A: Has it really been 14 years? WOW. When I started in the business I was working for a traditional TPA – balance forward, trustee directed. When I moved to New York in 1997 I learned a whole different skillset – daily valuation, open architecture. Those types of plan designs were really new and more prevalent on the east coast. But I would say my success doesn’t have to do with plan design or fancy statistics—it’s mostly about people and relationships. I’m a very good listener and relationship developer. People want to work with someone they like and trust. Remember when we would actually pick up the phone and call someone? That’s been lost in today’s business relationships—now it’s all about emailing and texting. There’s been a huge change in how we communicate, but I believe people still value that personal connection.
Q: How has fee disclosure impacted your TPA business?
A: It hasn’t. I was trained by a successful New York TPA in the area of open-architecture, which by definition is all about full disclosure and transparency. That’s our firm’s foundation.
Q: Do you believe that revenue sharing is going to be a thing of the past?
A: Right now, the current industry practice is for revenue sharing to offset fees. In the small-plan marketplace, that means there’s enough “credit” to pay the custodial fees. I suspect in the future there may be regulations that make the playing field more even through fee equalization. Like the fiduciary rules, I think that will take a very long time to materialize.
Q: How do you think the fiduciary rule will impact the retirement plan business?
A: This has been more of an issue for the brokerage / insurance community vs. the fee-based registered investment advisors or independent TPA firms. And with a new president about to be inaugurated it’s hard to know what’s going to happen. For now, I’m watching and listening and if I say anything more I’ll get in trouble!!
Q: Do you think plan sponsors have a better understanding of what a TPA does, and a better understanding of why their TPA selection matters?
A: TPAs are in the very unusual position, since they’re part accountant, part lawyer, part advisor, part physician, part parent! When we’re setting up plans, we’re the heroes because we’re generating large tax-deductible contributions. As time goes on, though, people forget the value of the service we provide. They lose sight of that as things settle into compliance mode.
When my business partner, Tony Delfino and I started PlanPerfect, we were very clear in our business plan that we were not interested in building a giant practice (“been there done that”) but rather build a boutique firm where we as owners would stay in direct touch with our clientele. We have long term relationships with the majority of our clients who do business with us. Tony used to say, “we provide “Bentley” services at “Mercedes” prices.
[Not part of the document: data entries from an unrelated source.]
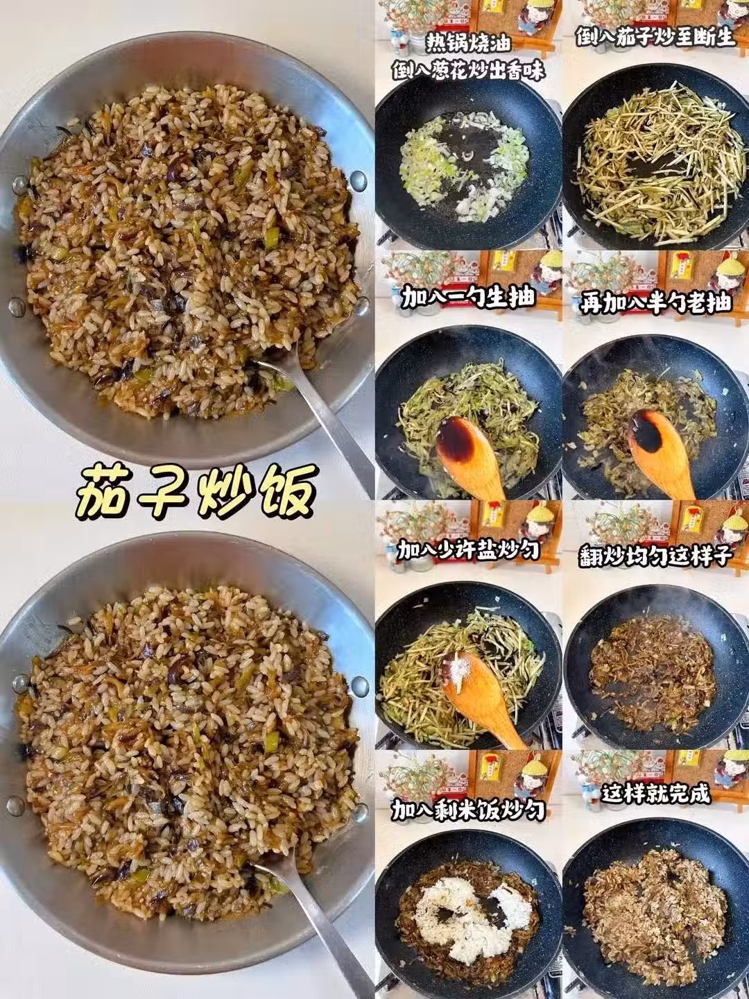 茄子切絲炒斷生,蒜末小米辣爆鍋,茄子懟進去炒到爛糊,和米飯攪和成醬香泥石流。軟糯入味,素食主義者吃了都想喊:「再來瓣兒蒜!」
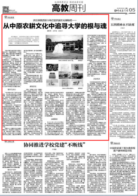 5月20日,《中国教育报》高教周刊头条刊发《许昌学院历时9年打造农耕文化博物馆——从中原农耕文化中追寻大学的根与魂》一文,全文逾3000字,图文并茂地介绍了我校农博馆建设的艰辛历程与目标定位,以及农博馆在传承弘扬中华传统文化、宣教育人、学术研究等方面的成效和积极意义,向社会各界展示了一个有情怀、有特色的高校博物馆,一个自觉肩负社会责任与文化使命的博物馆,一个开放与包容的博物馆。文章指出,“如今,它的意义已不仅仅是一个学校历史的记忆符号和校友的往日情思,还承载着珍藏农耕时代记忆、弘扬中华传统文化的重大使命。”
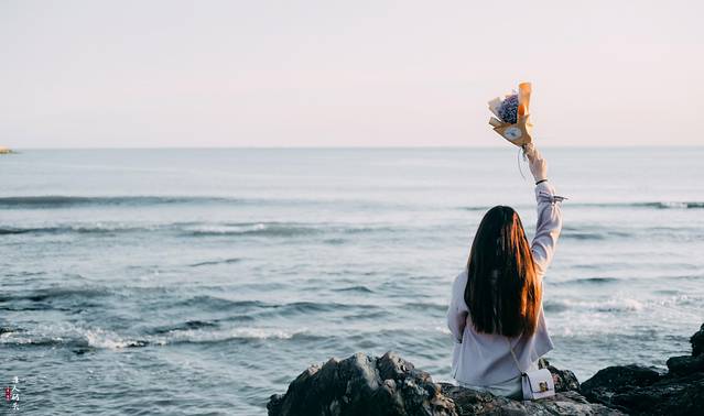 爬上海边的石头,挥舞着干花,拍下一张,孤独的看海照。
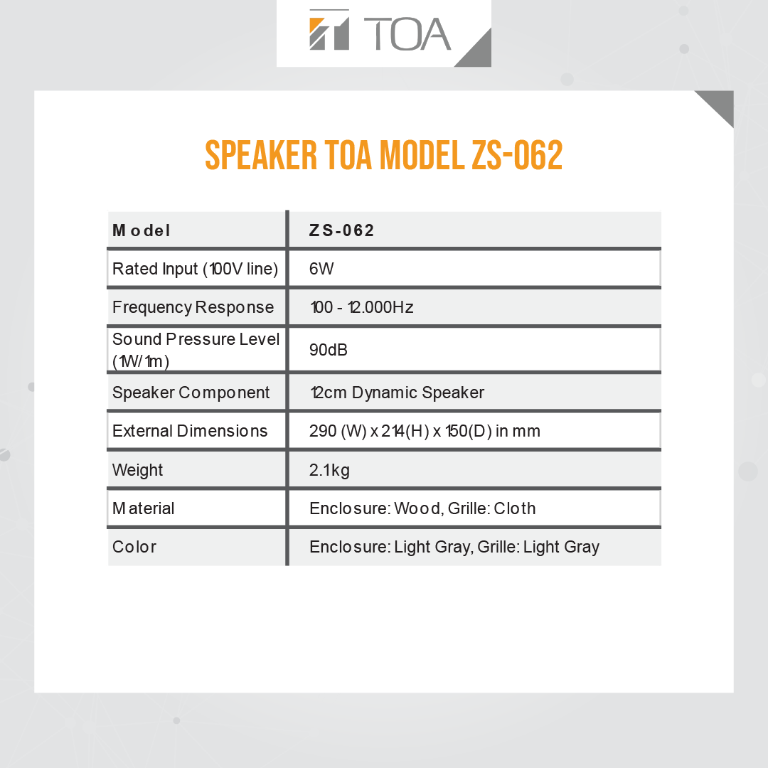 SPEAKER TOA MODEL ZS-062 adalah Speaker dengan jangkauan luas untuk paging suara, musik latar dan vokal.
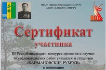 Обучающаяся 9В класса Белькова Ангелина получила сертификат участника II Республиканского конкурса проектов и научно-исследовательских работ учащихся и студентов "Каймановские рубежи" (учитель Сабирова Ралена Даимовна).

Generally when people bring up the subject of fees, we go away because we are not in the bidding business. People work with us because of the services we seem to offer year after year. We solve problems for people. We answer a lot of questions for our referral sources.
Q: A big chunk of your time as a TPA salesperson was working with advisors and you do still do that with your own TPA. Do you believe advisors are better prepared today in serving as a retirement plan advisor?
A: On the West Coast, about eighty percent of our business comes from Business Managers and CPA’s. The other twenty percent comes from investment advisors, both fee-based and commissioned. Strangely, when I was working in NY it was the other way around: most of our business came from the investment-advisor community.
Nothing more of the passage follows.